## WORK REQUEST
Please set down the line that contains "Fig 3: HC-06 Bluetooth" and every line below it through the last, exactly as written, with no other lines.

## Records contained in a dataset
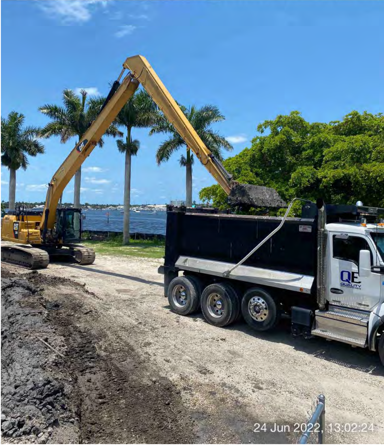
326 excavator transferring removed material from dewatering site to dump truck bed at 1300 Curlew Avenue

S 180 SW 210 W 270 ● 226°SW (T) ● 26°8'15"N, 81°47'15"W ±26ft ▲ 9ft
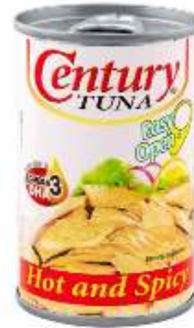
CENTURY TUNA FLAKES IN OIL (HOT AND SPICY)
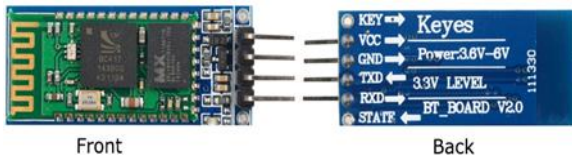
Fig 3: HC-06 Bluetooth

The HC06 bluetooth also has 4 pins which are TX, RX, GND and VCC. GND is ground whereas VCC pin is connected to 3.3V and TX, RX are connected to transmitting and receiving pins.

## WRITTEN SOLUTION
Fig 3: HC-06 Bluetooth

The HC06 bluetooth also has 4 pins which are TX, RX, GND and VCC. GND is ground whereas VCC pin is connected to 3.3V and TX, RX are connected to transmitting and receiving pins.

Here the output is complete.